■ Record set ■
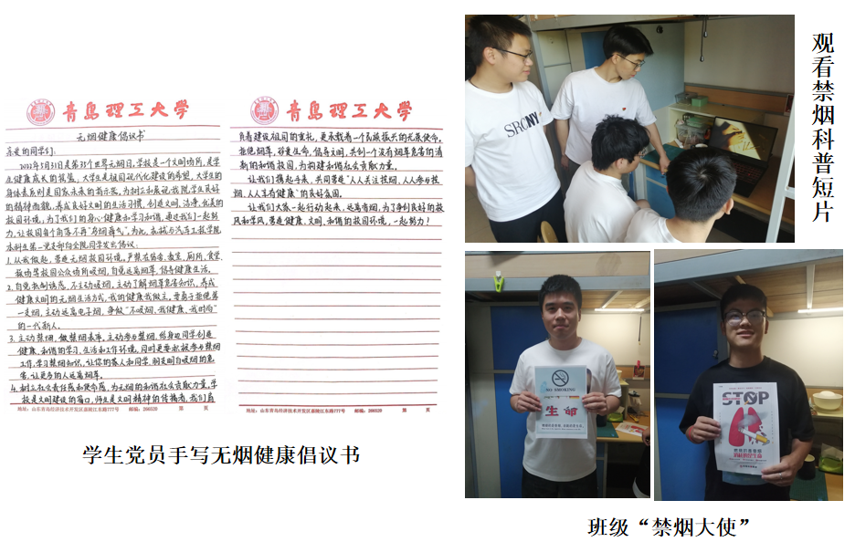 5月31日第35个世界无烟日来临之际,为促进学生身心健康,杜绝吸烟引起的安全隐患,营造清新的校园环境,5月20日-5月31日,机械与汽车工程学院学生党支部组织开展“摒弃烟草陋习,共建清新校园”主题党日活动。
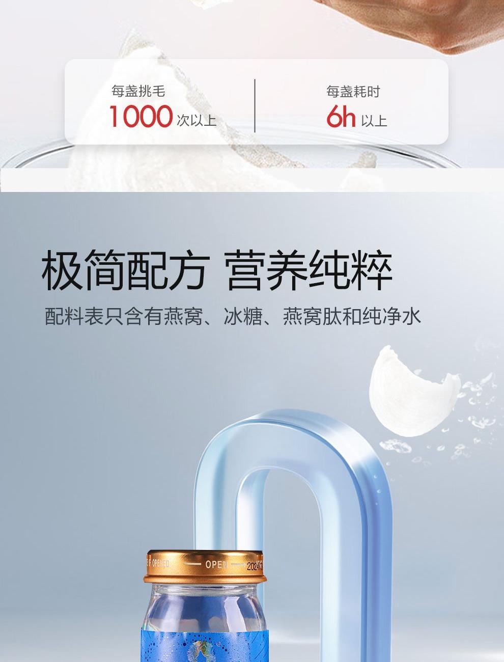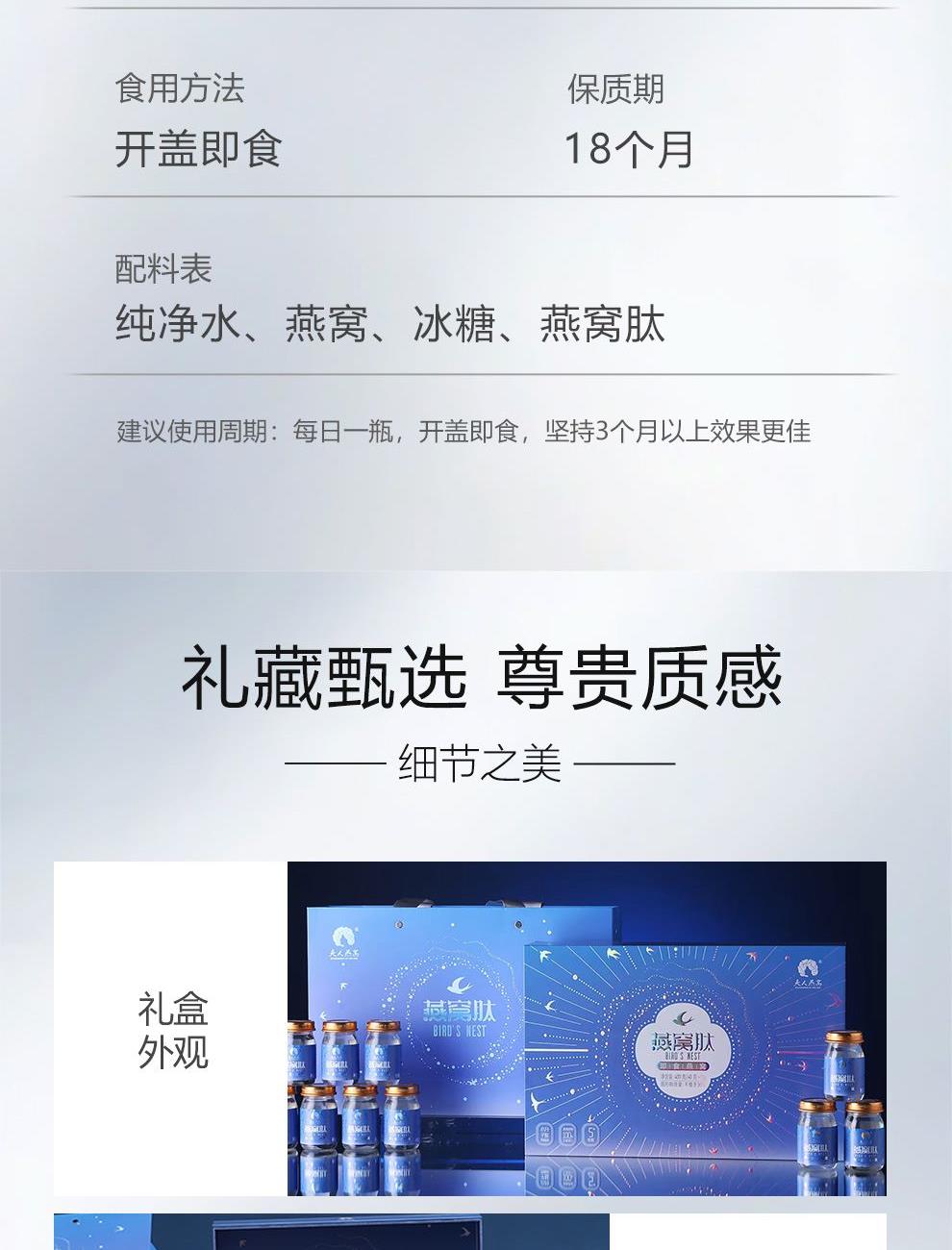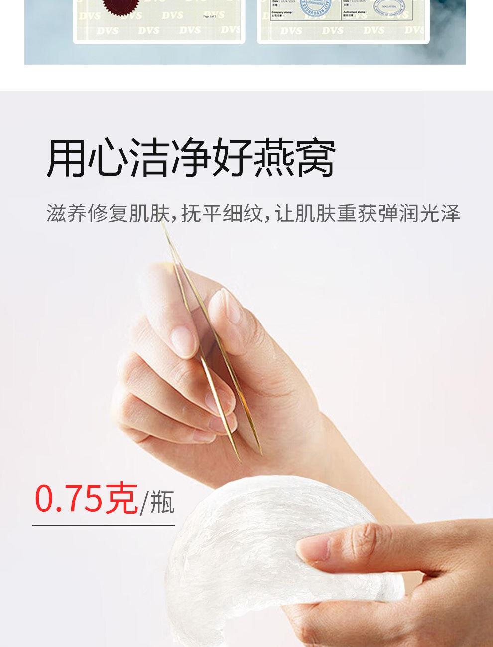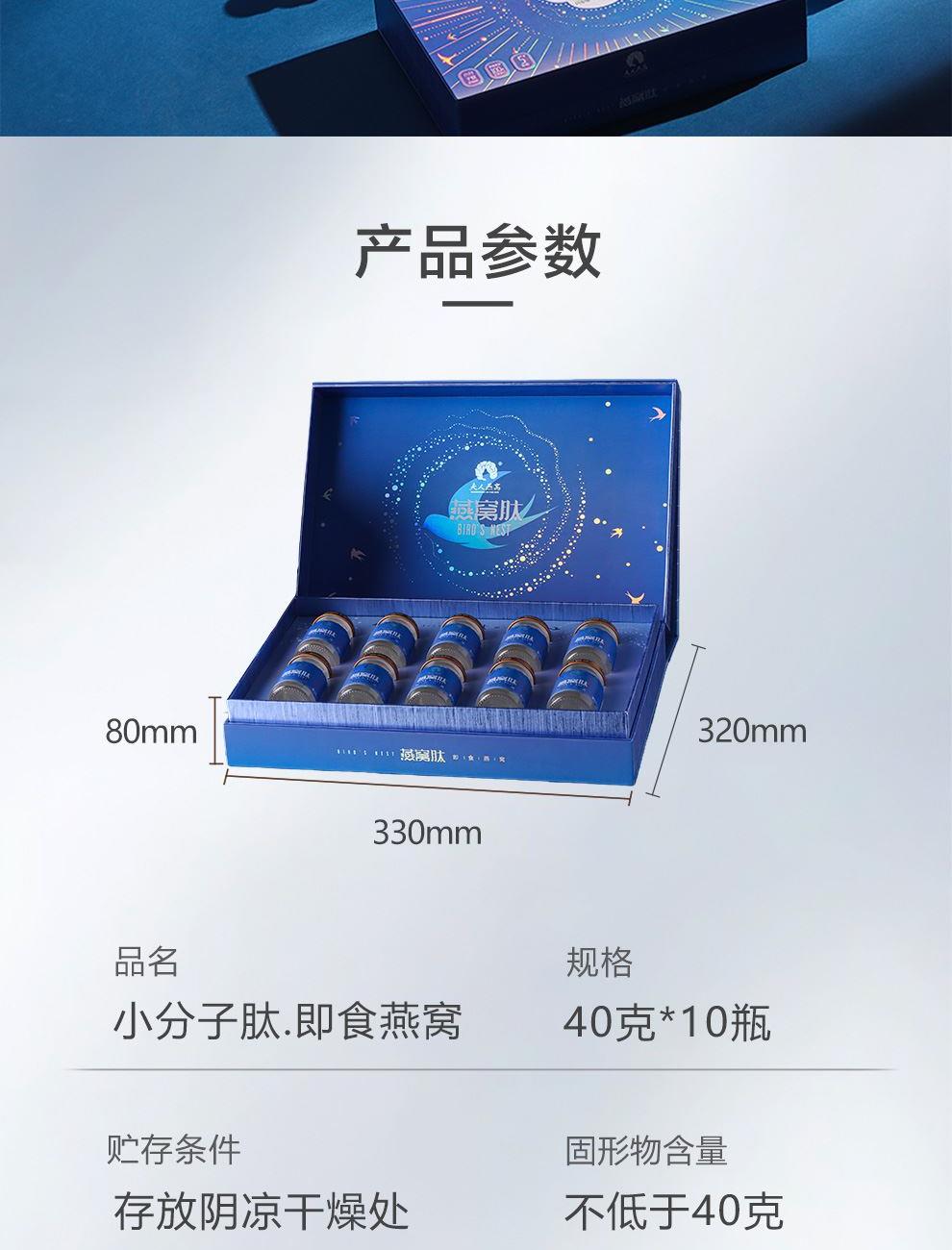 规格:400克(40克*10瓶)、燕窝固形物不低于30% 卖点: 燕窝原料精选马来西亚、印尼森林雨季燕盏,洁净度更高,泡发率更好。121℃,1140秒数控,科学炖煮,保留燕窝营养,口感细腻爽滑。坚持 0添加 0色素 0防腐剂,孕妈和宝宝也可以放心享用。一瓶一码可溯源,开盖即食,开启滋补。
---
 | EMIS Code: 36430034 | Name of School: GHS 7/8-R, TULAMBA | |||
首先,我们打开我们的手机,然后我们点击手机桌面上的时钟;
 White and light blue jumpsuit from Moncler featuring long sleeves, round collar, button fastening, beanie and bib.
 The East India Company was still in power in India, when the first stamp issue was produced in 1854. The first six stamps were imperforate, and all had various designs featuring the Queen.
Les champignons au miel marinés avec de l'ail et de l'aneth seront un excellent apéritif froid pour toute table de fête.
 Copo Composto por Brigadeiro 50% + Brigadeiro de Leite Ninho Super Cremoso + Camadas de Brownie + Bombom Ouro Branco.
--
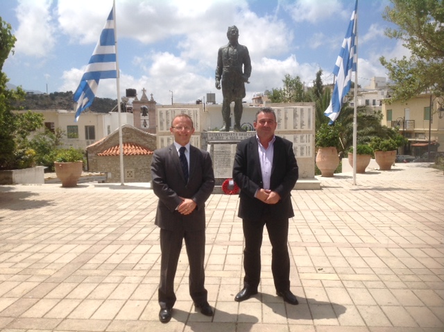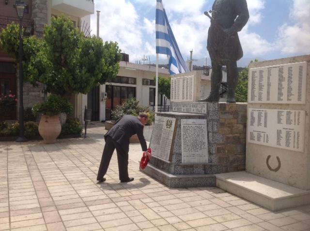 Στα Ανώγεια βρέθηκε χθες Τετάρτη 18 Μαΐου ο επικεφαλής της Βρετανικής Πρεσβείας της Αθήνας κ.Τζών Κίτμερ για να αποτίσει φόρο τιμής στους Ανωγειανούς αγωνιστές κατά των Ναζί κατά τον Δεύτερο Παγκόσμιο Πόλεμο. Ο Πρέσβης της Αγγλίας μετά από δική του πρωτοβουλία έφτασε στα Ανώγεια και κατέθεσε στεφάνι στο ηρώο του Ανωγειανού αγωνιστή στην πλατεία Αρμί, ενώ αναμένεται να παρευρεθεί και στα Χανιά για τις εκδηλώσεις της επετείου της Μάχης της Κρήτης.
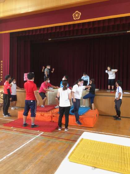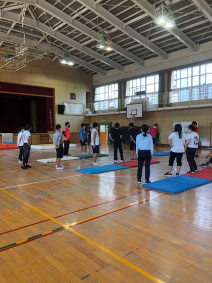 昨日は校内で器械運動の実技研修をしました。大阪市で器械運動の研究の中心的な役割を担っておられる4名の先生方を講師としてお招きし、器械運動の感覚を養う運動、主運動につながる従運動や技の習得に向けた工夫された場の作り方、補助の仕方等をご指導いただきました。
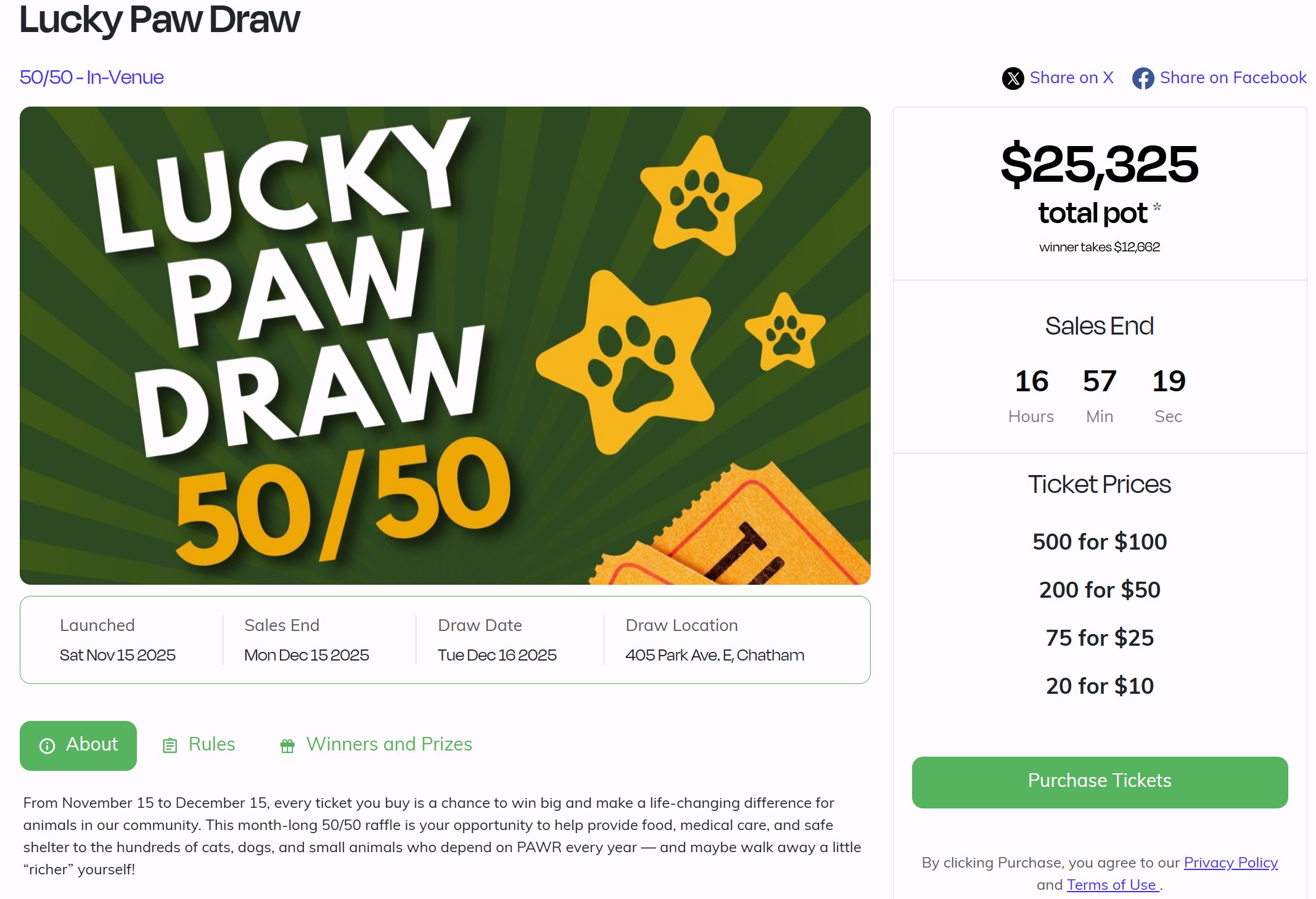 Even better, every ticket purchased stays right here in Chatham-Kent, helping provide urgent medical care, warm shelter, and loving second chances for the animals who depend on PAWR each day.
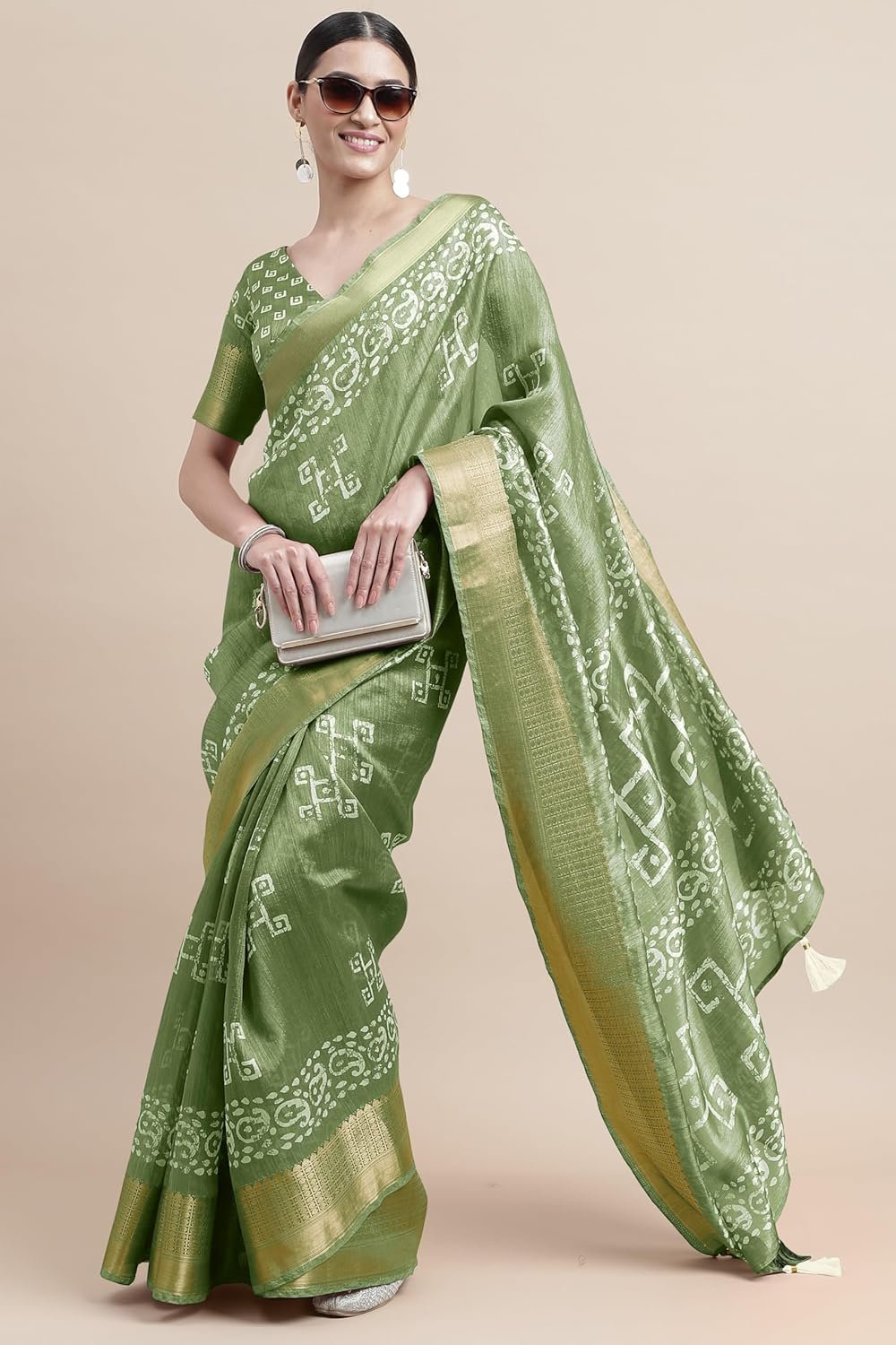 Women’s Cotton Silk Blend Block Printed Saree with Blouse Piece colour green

■ Task statement ■
Working from the entries above, filter out every line that lacks "featuring" and copy what remains.

■ Response to this exercise ■
 White and light blue jumpsuit from Moncler featuring long sleeves, round collar, button fastening, beanie and bib.
 The East India Company was still in power in India, when the first stamp issue was produced in 1854. The first six stamps were imperforate, and all had various designs featuring the Queen.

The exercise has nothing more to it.